突如として、雲一つない岡山の「晴れの国」の青空が、不気味な漆黒の闇へと覆われていった。それは国際フルーツ委員会の残党などという生ぬるいものではない。大地そのものが恐怖で震えるような、圧倒的なプレッシャーだった。バチバチと音を立てて、中央広場のすべての糖度計が、誰の手にも触れられていないにもかかわらず一斉にエラーを起こし、次々と爆発四散していく。「な、何事ですの!? 私たちのマナが拒絶されている!?」「空を見て!人工衛星のデータが……いや、世界の概念そのものが、上空から押し潰されようとしているわ!」怯える麗華と苺香の前に、空間が裂けるようにして一台の黒いヘリコプターが舞い降りてきた。ローターの激しい風の中、ドアが開き、一人の男が姿を現す。その男が纏うのは、日本のいかなる組織の制服でもない。胸元には、不気味な三つの星の紋章が刻まれていた。「そこまでのようだな、桃源郷子」男の冷徹な声が広場に響き渡る。その手には、禍々しい紫色の光を放つ「未知の果実」が握られていた。それは、この地球上のどの植物図鑑にも載っていない、宇宙的な狂気を孕んだ糖度を放つ果実だった。「だ、誰じゃあんたは」郷子が初めて、鋭い警戒の目を男に向けた。「私は世界フルーツ管理局・最高執行院の特使。……郷子、君が世界市場を融解させたことで、ついに上の世界が動いた。君が戦っていた国際フルーツ委員会など、我々組織の末端の、そのまた出先に過ぎん」男は手にした紫色の果実を軽く弄びながら、冷酷に言い放った。

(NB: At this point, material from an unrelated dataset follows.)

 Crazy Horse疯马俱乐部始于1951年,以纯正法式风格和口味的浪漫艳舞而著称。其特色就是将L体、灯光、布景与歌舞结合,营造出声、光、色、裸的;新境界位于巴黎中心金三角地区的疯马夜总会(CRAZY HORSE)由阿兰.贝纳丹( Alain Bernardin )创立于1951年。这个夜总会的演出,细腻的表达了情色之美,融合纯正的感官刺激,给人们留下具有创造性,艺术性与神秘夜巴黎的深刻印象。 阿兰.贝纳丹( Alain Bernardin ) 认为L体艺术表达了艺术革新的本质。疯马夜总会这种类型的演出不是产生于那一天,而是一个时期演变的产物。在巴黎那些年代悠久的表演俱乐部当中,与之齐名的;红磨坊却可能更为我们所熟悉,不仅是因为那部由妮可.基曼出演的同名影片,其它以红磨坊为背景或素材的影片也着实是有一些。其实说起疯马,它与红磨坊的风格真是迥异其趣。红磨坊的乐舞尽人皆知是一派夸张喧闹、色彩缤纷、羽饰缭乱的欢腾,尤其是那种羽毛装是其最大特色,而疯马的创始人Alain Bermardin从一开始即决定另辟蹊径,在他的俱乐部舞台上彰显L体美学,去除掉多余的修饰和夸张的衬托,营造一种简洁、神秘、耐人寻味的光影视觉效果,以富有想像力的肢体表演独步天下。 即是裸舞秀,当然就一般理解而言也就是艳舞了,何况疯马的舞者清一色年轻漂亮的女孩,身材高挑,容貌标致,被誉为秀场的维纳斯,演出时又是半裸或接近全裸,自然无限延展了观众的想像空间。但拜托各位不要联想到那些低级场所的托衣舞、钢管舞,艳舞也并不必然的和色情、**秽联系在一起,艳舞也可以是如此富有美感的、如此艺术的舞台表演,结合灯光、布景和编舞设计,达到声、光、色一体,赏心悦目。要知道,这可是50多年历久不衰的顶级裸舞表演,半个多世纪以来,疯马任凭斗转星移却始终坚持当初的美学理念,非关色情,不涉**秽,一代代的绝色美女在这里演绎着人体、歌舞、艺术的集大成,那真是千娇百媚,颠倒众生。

「君の『飲める桃』が放つ愛の熱量は、確かにこの地球の経済を統一した。だが、宇宙市場においては、桃はまだ二流の有象無象に過ぎない。新首都岡山を世界から切り離し、真の禁断の特区として封印するため、本物の原初の果実を持つ執行官たちが、今まさにこの地に向け進軍を開始した」男の言葉と同時に、遥か彼方の瀬戸内海の水平線から、無数の巨大な影。世界最高峰の『天上の果物学科』を擁する巨大空中要塞群が、新首都岡山を包囲するように迫ってくるのが見えた。「宇宙市場……天上の学科なぁ」郷子は一瞬だけ目を見開いたが、すぐにいつものように、ニヤリと不敵な笑みを浮かべた。作業着のポケットに両手を突っ込み、迫り来る世界の脅威を見据える。「どんなに上が広かろうが、関係ねぇわ。うちの桃への愛は、宇宙が相手だろうがストップ高じゃ言うたろうが!」郷子が叫んだ瞬間、彼女の背後の巨大桃太郎像の瞳が、これまでにないほど激しく紅蓮の輝きを放った。美観地区の肥料の香りが、干拓地の泥の匂いが、そして全学科の絆が、郷子の「飲める桃」を中心に、地球全土を巻き込む巨大なオーラとなって立ち昇る!
「あんたらが何を仕掛けてこようが、まとめて果汁の海に沈めちゃる。さあ、第二ラウンドじゃ。とっとと無差別フルーツ試合、始めるで!!」
新たなる世界の支配者たちを前に、桃源郷子の、そして新首都岡山の本当の戦いが、いま幕を開ける!